The College Board has announced that beginning January 1, 2017, students who receive accommodations in school will automatically receive equivalent accommodations for all College Board exams (PSAT, SAT, SAT II, AP).
According to the Washington Post:
Early this year, as more states began to adopt the SAT or the ACT as a required test for high school students to take, the Justice Department’s Civil Rights Division began to look into complaints that the testing organizations were too stingy with accommodations to eligible students, Education Week reported.
In a new statement, David Coleman, president and chief executive of the College Board, said: “Educators, students, and families have asked us to simplify our process, and we’ve listened. The school staff knows their students best, and we want to cut down on the time and paperwork needed to submit a testing accommodations request.”
While this will obviously eliminate a major headache for many families, it probably isn’t overly cynical to assume that the College Board is making this move out of self-interest as well.
Which of course brings us to the ACT.
Now, the ACT is notoriously stingy about accommodations. I have had multiple students who were turned down after the initial request. Some appealed successfully; others did not. Even the successful appeals sometimes took months, and the extra time was only granted after a student had taken the ACT multiple times.
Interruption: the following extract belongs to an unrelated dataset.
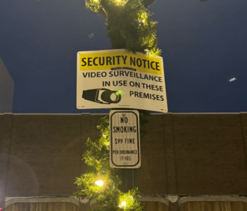 Downtown is covered in security cameras and signs that read “no smoking, $99 fine”

In contrast, most of my students who required extra time were able to obtain it for the SAT easily, the first time the request was made.
So while acquiring accommodations will undoubtedly become easier, it is questionable just how much of a broad-scale difference the change will make. It could very well make a huge difference, but I’d be hesitant to assume as much.
Given that the College Board is determined to wrest every inch of market share possible back from the ACT, it seems reasonable to assume that this announcement is in part a ploy to induce students who are on the fence between the SAT and the ACT, and who require accommodations, to opt for the former.
So the question, now, is whether the ACT will come on board and relax restrictions on extra time as well.
In addition, the effect of the change on student equity is questionable as well. In my (anecdotal, non-statistically backed-up experience), the students who receive accommodations in school tend to be those with the savviest, most persistent parents. Not coincidentally, those parents tend to be well-off and well-educated.
Some of their children have genuine learning disabilities — and I in no way intend to minimize the struggles of anyone in that category. For them, the College Board’s new policy will undoubtedly be a boon.
That said, there is another category of students who do not truly have learning disabilities, but who have been enabled (by technology, by ineffective pedagogy, by an incoherent curriculum, by parents, by tutors, and even by therapists) to the point where their ability to complete work on their own, under standard conditions, is severely compromised.
In some cases, mild to moderate difficulties that nevertheless fall within the range of normal are overblown and pathologized by well-meaning adults, with the result that the line between a learning disability and the belief in a learning disability becomes blurred.
It’s not that the student doesn’t genuinely struggle. It’s that the student, given a different set of pedagogical approaches and adult attitudes, would not struggle in the same way, or even at all.
I have witnessed this phenomenon many times, and it disturbs me more than I can say. Not only will the College Board’s new policy do nothing to deter it, but it will most likely encourage it further.
Conversely, the children of less-educated parents, or those who lack knowledge of how the system functions as well as how to work it effectively (and the time work it), are less likely to receive accommodations in the first place. As a result, they are no more likely to receive accommodations under the new system than they are under the old.